Attenzione: il seguente articolo contiene SPOILER

Sono trascorsi 66 giorni da quello che è stato definito “il massacro di Vinci”. Ray Velcoro (Colin Farrell) ha lasciato la polizia per lavorare al soldo di Frank Semyon (Vince Vaughn), e sta lottando con la sua ex moglie per la custodia del figlio. Lei ha richiesto il test di paternità, che potrebbe precludergli ogni diritto sul bambino.
Ani Bezzarides (Rachel McAdams) è stata declassata a custode delle prove, e deve frequentare alcune sedute di sensibilizzazione contro le molestie sessuali, circondata da uomini rudi e volgari. La sorella della ragazza scomparsa si mette in contatto con lei: ha ricevuto una busta contenente alcune foto che ritraggono i diamanti blu di Ben Caspere, e altre che mostrano invece gli ospiti illustri di una festa erotica, scattate di nascosto. Nelle foto compaiono anche un senatore americano e il presidente della Catalyst.

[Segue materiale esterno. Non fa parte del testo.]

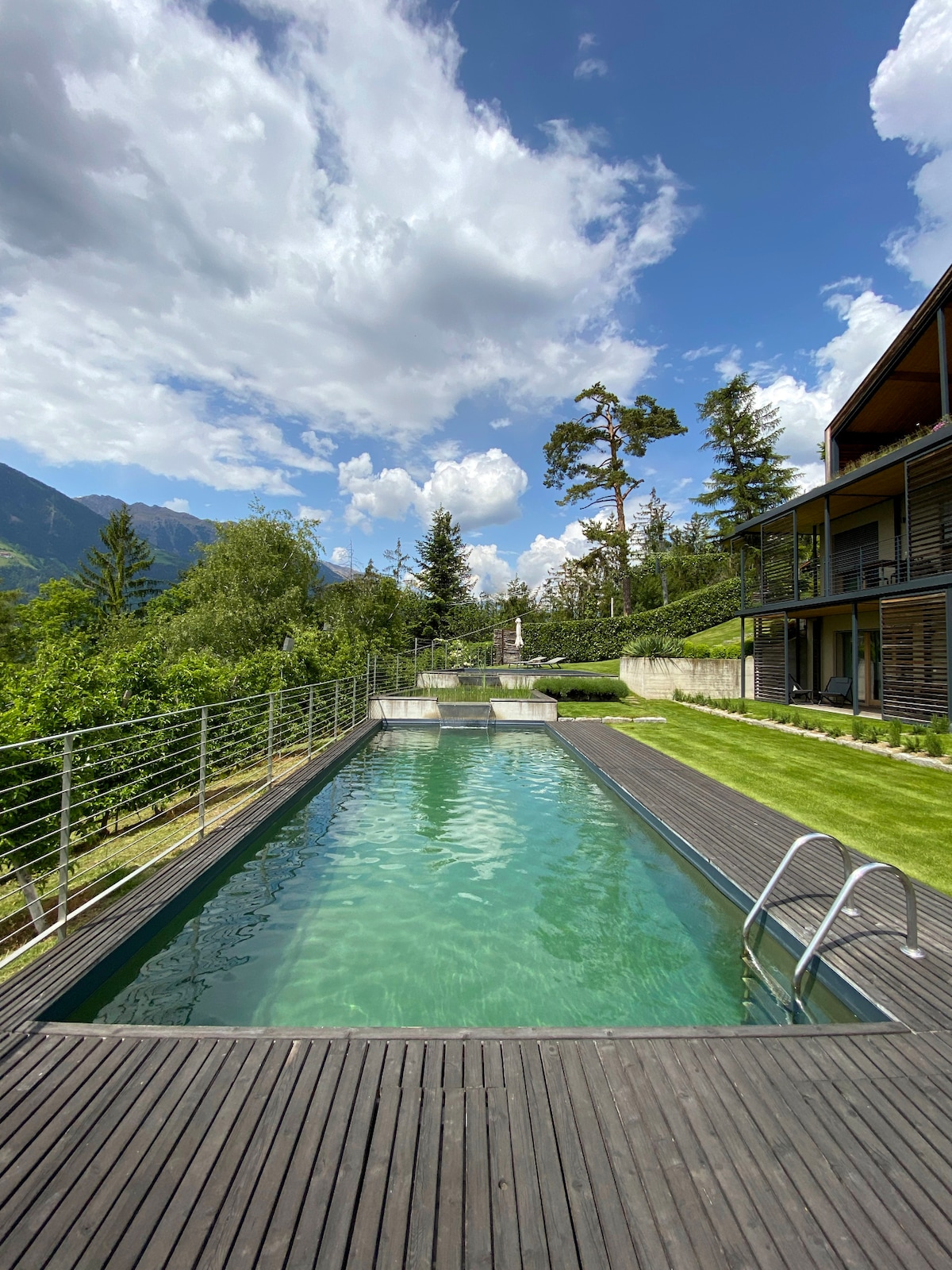Huset ligger i en svært rolig drømmeplassering i frukthagene i Etschtal. Leiligheten ligger i første etasjen, er 120 kvm stor og har plass til opptil 6 gjester. Bolzano ligger 10 minutter unna, Merano 20 minutter unna, og ski- og turområdene i Dolomittene ligger 40 minutter unna. Det er sykkelstier rundt hjørnet og turmuligheter foran huset. Gjestene har tilgang til 2 parkeringsplasser i den lukkede gårdsplassen, hver ekstra parkeringsplass koster 10 €/dag

Paul Woodrugh (Taylor Kitsch) lavora nelle frodi assicurative, e sta preparando il suo futuro con Emily. Tornato da sua madre per recuperare i ventimila dollari che aveva nascosto in un armadio (frutto della sua esperienza nell’esercito), scopre che lei li ha spesi tutti. I due litigano, e lei gli rinfaccia di averlo portato in grembo per nove mesi, rovinando la sua carriera di ballerina. Paul se ne va, furente, ignorando i tentativi della madre di rimediare.
Frank e Jordan (Kelly Reilly) si sono trasferiti in una casa più piccola. Lei gli fa presente che trascorrono poco tempo insieme, ed è certa di non poter avere bambini a causa delle operazioni che ha subìto anni prima. Mentre Frank riprende in mano i suoi loschi affari di una volta, riesce anche a ottenere alcuni terreni lungo il corridoio della metropolitana leggera, purché recuperi i video contenuti nell’hard disk di Caspere: questo incarico gli viene assegnato da McCandless, il sopracitato presidente della Catalyst.

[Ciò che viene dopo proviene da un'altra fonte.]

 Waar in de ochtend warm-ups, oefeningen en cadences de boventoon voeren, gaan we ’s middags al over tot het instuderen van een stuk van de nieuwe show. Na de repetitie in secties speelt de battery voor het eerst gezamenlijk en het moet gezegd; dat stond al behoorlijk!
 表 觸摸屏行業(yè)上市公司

Intanto, Ray, Ani e Paul vengono reclutati per continuare le indagini sulla morte di Caspere, e svelare al contempo l’intreccio di corruzioni tra le autorità di Vinci e le istituzioni statali (ufficialmente sono alla ricerca di Irina Rulfo, la ragazza che ha venduto gli effetti personali di Caspere al banco dei pegni). Ray è recalcitrante, ma questo incarico potrebbe aiutarlo per la custodia di suo figlio, quindi accetta. Scopre però che lo stupratore di sua moglie è stato arrestato, e ciò significa che la soffiata ottenuta da Frank, anni prima, era un inganno: Ray ha ucciso una persona che non c’entrava niente. Disperato e furioso, si reca da Irving Pitlor, e lo malmena per fargli confessare quello che sa su Caspere. Pitlor gli rivela che Caspere ha avuto l’idea delle feste insieme a Tony Chessani, figlio del sindaco, e questo gli ha permesso di entrare in contatto con uomini influenti che hanno agevolato gli accordi per la ferrovia. Inoltre, Tony e Caspere ne hanno approfittato per accumulare foto e video di tali personaggi, in modo da poterli ricattare.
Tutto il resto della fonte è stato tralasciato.